Exercise requirements
What you return must match the listing below line for line, minus its pictures.

Data for review
☆ ☆ ☆ ☆ ☆
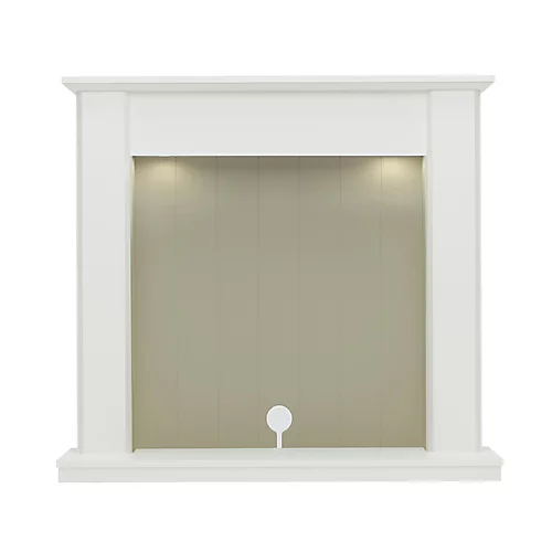 48″ Templeton Timber Inglenook surround in a Soft White and Stone painted finish. Complete with under mantel lighting to add an ambient glow to a living room.
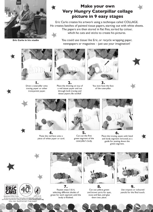 Eric Carle creates his artwork using collage. You can do the same to make your own caterpillar.
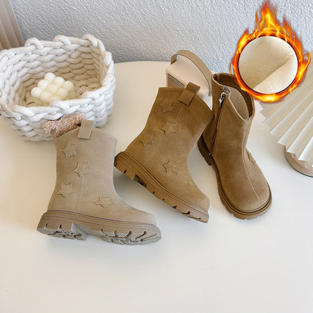 Step into autumn and winter 2024 with our trendy girls’ Western-style Martin boots—perfect for Nepal’s chilly seasons! 🍂👧 These Korean-inspired mid-calf boots feature a stylish five-pointed star design, adding a fun and fashionable touch to any outfit. ⭐🖤 Made with warm cotton padding, they provide cozy insulation against cold weather, ideal for school, family outings, or casual wear. The durable build and comfortable fit ensure long-lasting wear through busy days and outdoor adventures. 🌨️🧥 Designed to keep little feet warm while complementing various styles, these Maillard long boots are perfect for girls who love a mix of trendy and classic looks. Suitable for urban and hill regions like Kathmandu and Pokhara, they offer both style and function. Wholesale options available to help Nepalese retailers meet the demand for fashionable and reliable children’s winter footwear. 🇳🇵🛍️
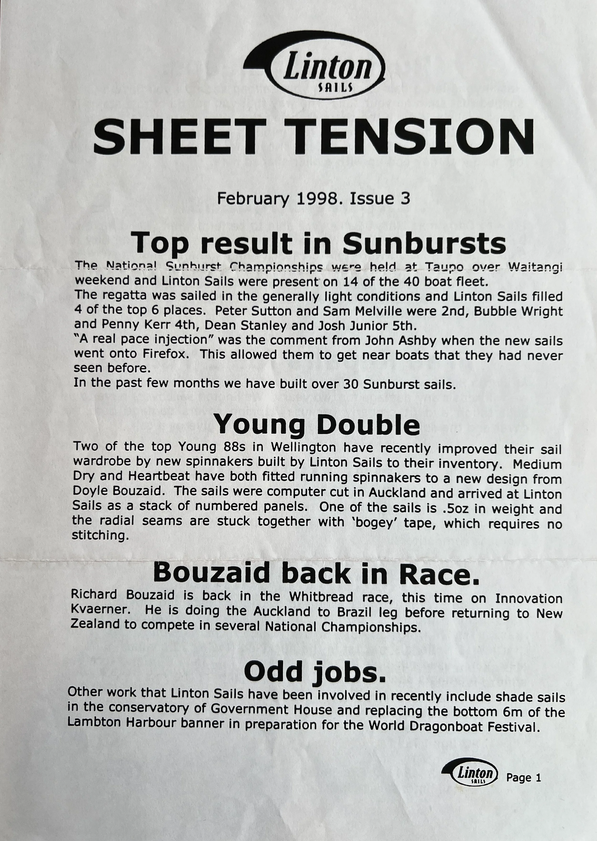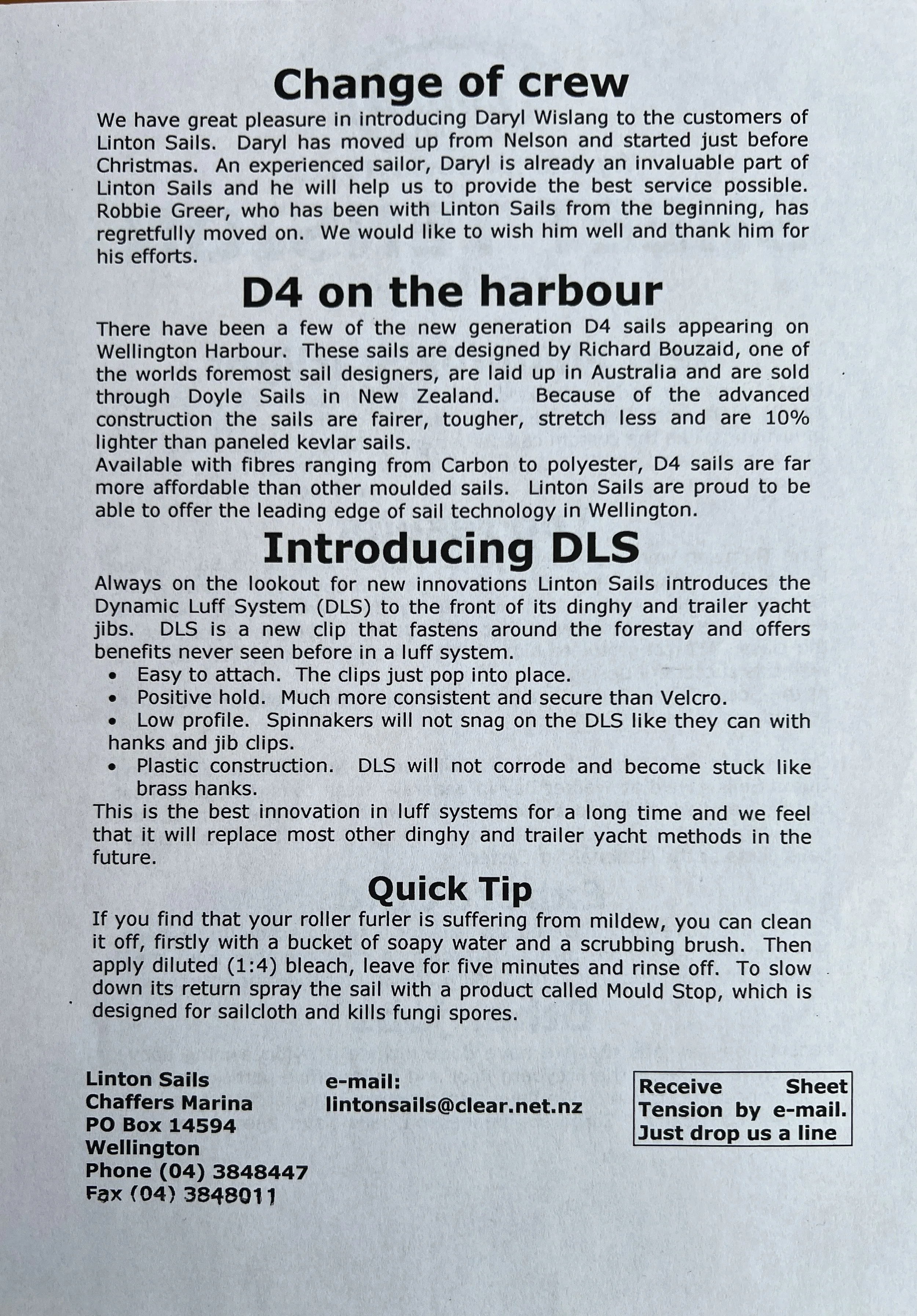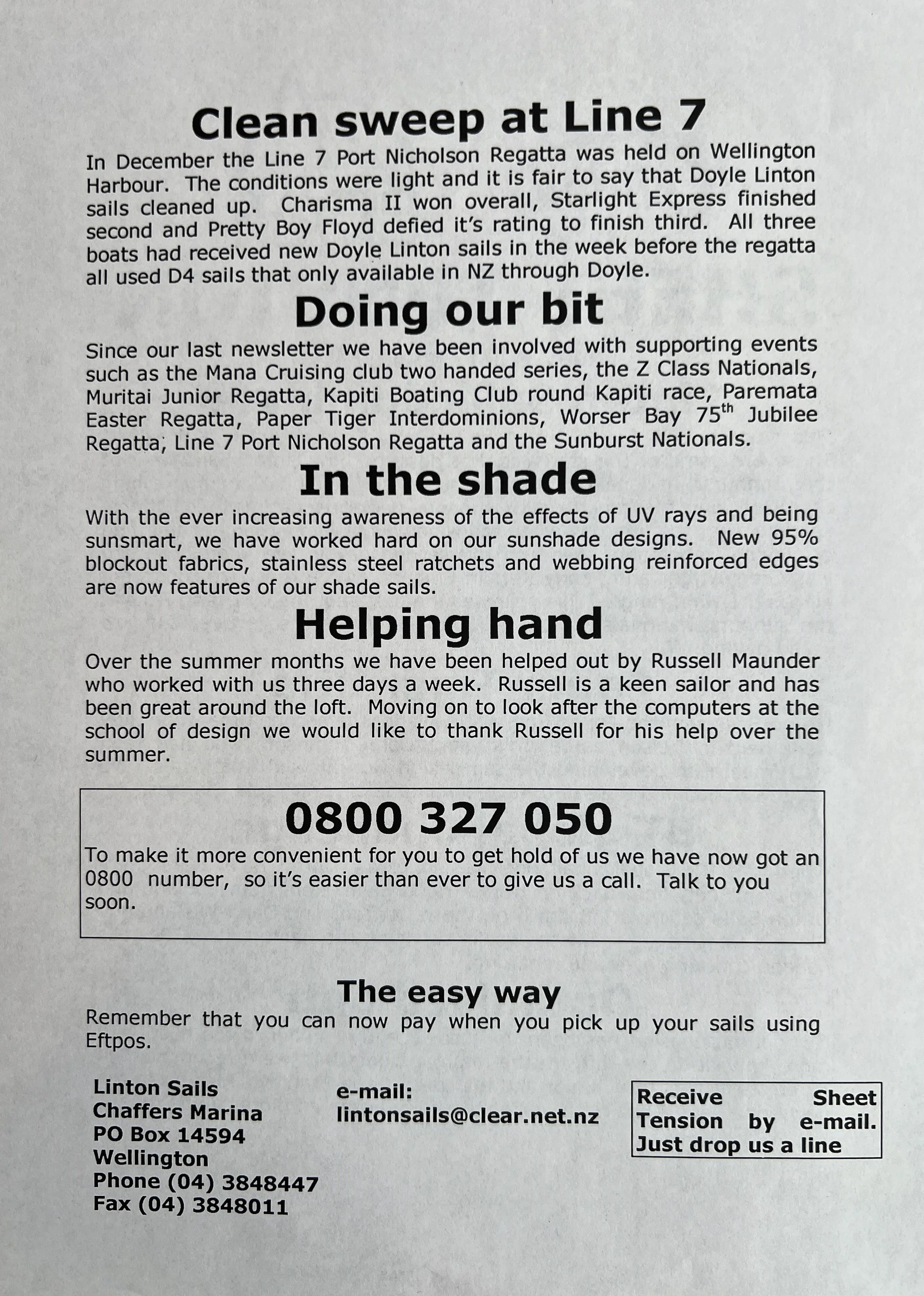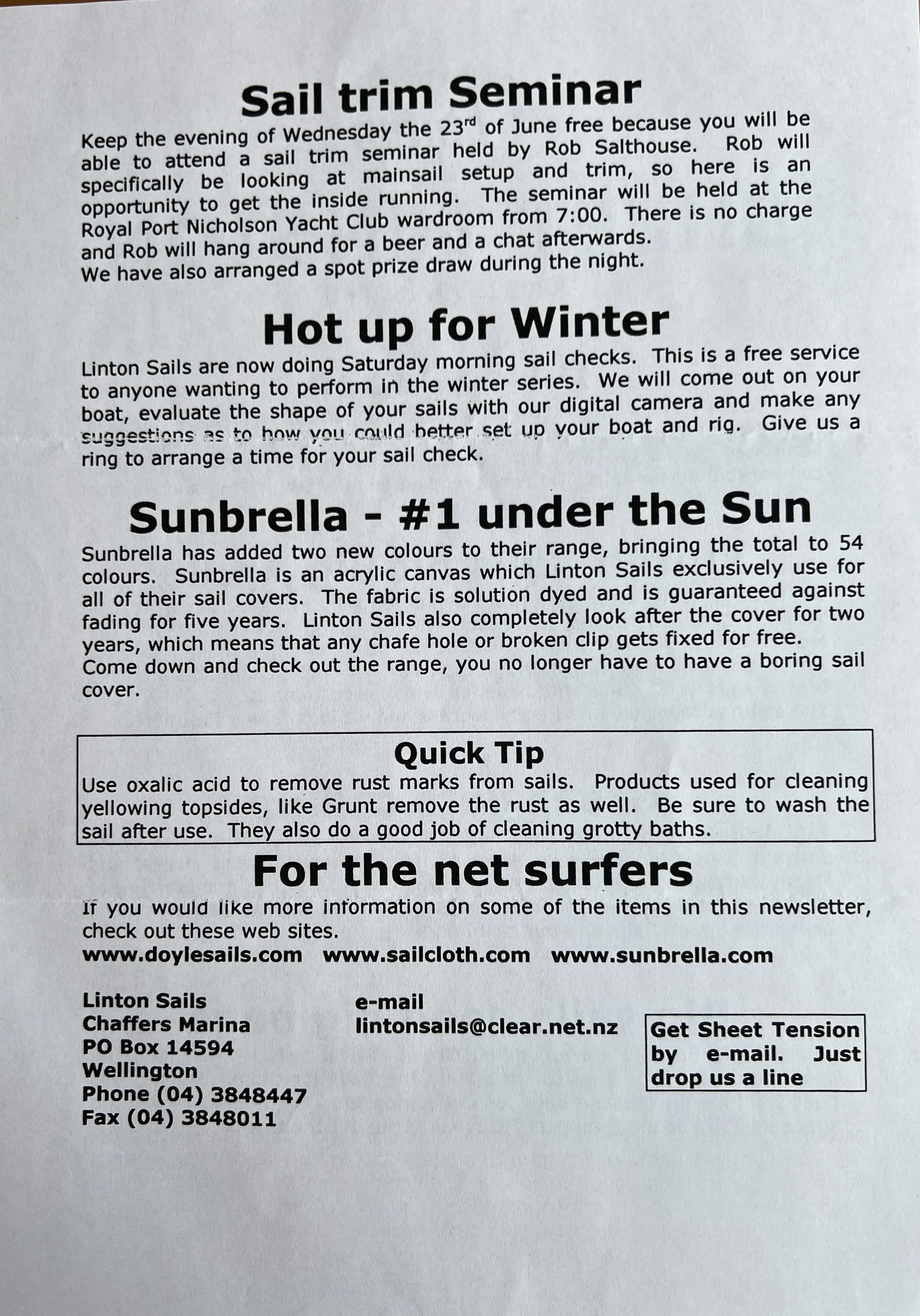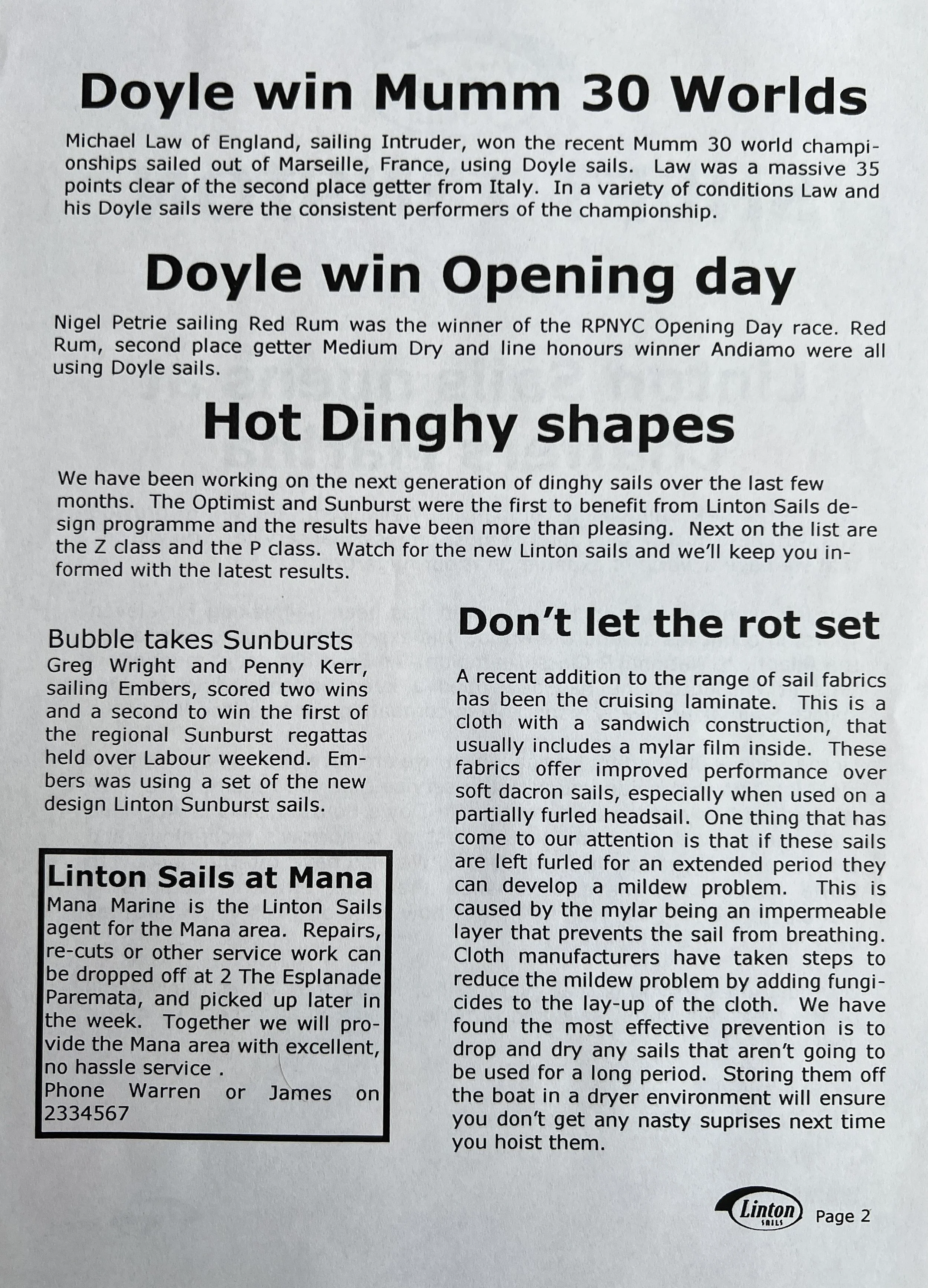 When Linton Sails began in 1997, we would post out a newsletter to local sailors as a way to increase awareness and get business. Recently we discovered old copies and reminisced as we read through them.
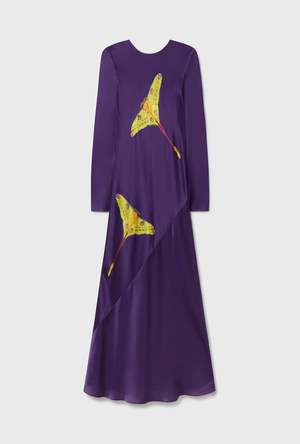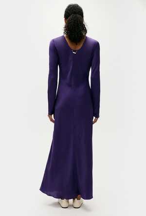 Silk Laundry Full Sleeve Bias Dress in 100% silk with long sleeves. A round back neckline and bias cut offer an elegant, ankle-length profile.
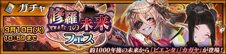 これを記念し、「ビエンタ(CV:佐倉綾音)」と「カガヤ(CV:遠藤綾)」が登場する“修羅の未来フェス”を開催。
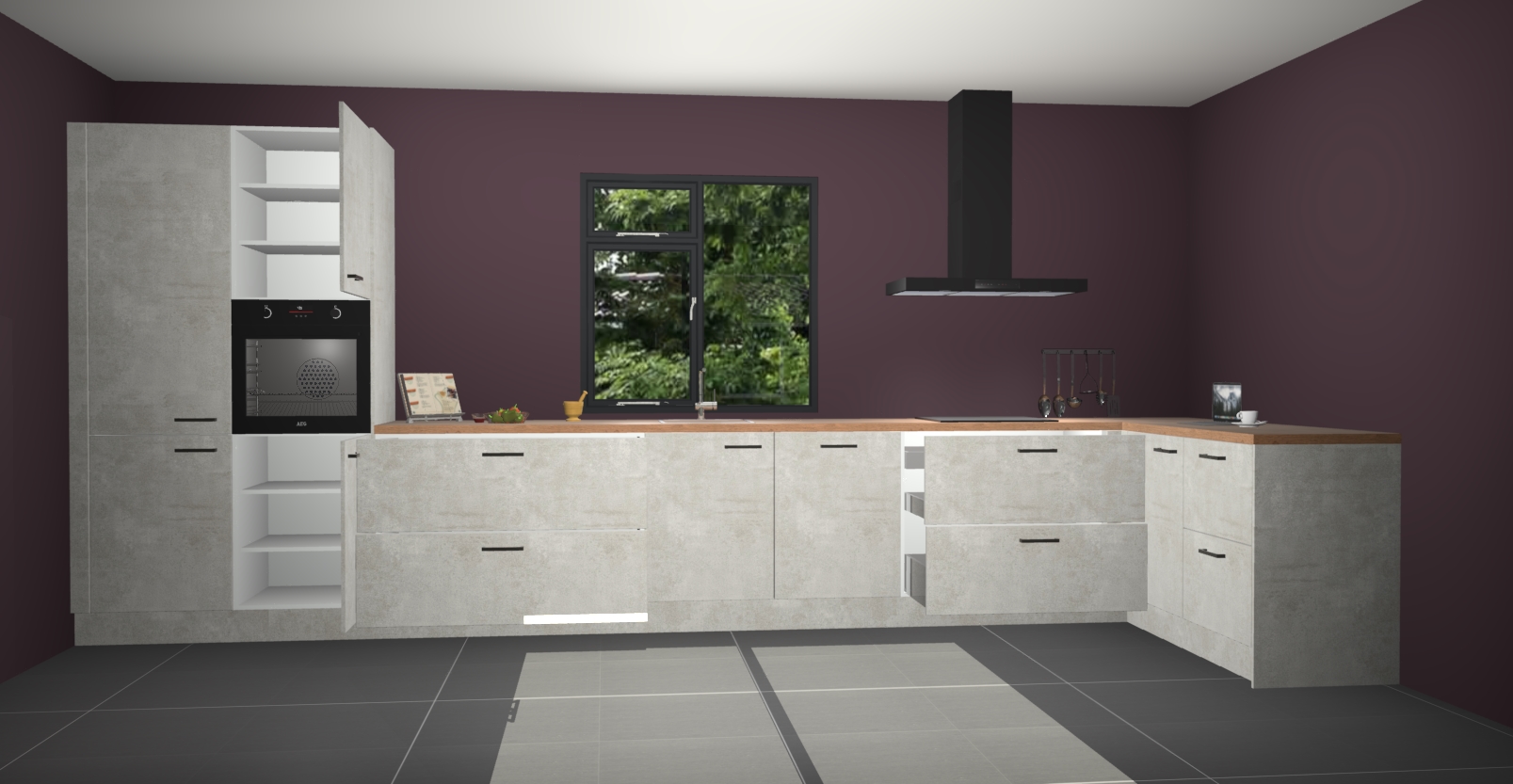 De Beton opaal keuken Lille wordt geleverd met vijf inbouwapparaten - een oven, inductiekookplaat, afzuigkap, vaatwasser en koelkast. Maar dat is nog niet alles! Na bestelling kunnen deze apparaten eenvoudig worden geüpgraded naar premium AEG-apparatuur. Bovendien is er zelfs de optie om de oven te vervangen door een combimagnetron of uw inductiekookplaat te vervangen door een kookplaat met geïntegreerde afzuiging.
☆ ☆ ☆ ☆ ☆
Reply to the task
 48″ Templeton Timber Inglenook surround in a Soft White and Stone painted finish. Complete with under mantel lighting to add an ambient glow to a living room.
 Eric Carle creates his artwork using collage. You can do the same to make your own caterpillar.
 Step into autumn and winter 2024 with our trendy girls’ Western-style Martin boots—perfect for Nepal’s chilly seasons! 🍂👧 These Korean-inspired mid-calf boots feature a stylish five-pointed star design, adding a fun and fashionable touch to any outfit. ⭐🖤 Made with warm cotton padding, they provide cozy insulation against cold weather, ideal for school, family outings, or casual wear. The durable build and comfortable fit ensure long-lasting wear through busy days and outdoor adventures. 🌨️🧥 Designed to keep little feet warm while complementing various styles, these Maillard long boots are perfect for girls who love a mix of trendy and classic looks. Suitable for urban and hill regions like Kathmandu and Pokhara, they offer both style and function. Wholesale options available to help Nepalese retailers meet the demand for fashionable and reliable children’s winter footwear. 🇳🇵🛍️
 When Linton Sails began in 1997, we would post out a newsletter to local sailors as a way to increase awareness and get business. Recently we discovered old copies and reminisced as we read through them.
 Silk Laundry Full Sleeve Bias Dress in 100% silk with long sleeves. A round back neckline and bias cut offer an elegant, ankle-length profile.
 これを記念し、「ビエンタ(CV:佐倉綾音)」と「カガヤ(CV:遠藤綾)」が登場する“修羅の未来フェス”を開催。
 De Beton opaal keuken Lille wordt geleverd met vijf inbouwapparaten - een oven, inductiekookplaat, afzuigkap, vaatwasser en koelkast. Maar dat is nog niet alles! Na bestelling kunnen deze apparaten eenvoudig worden geüpgraded naar premium AEG-apparatuur. Bovendien is er zelfs de optie om de oven te vervangen door een combimagnetron of uw inductiekookplaat te vervangen door een kookplaat met geïntegreerde afzuiging.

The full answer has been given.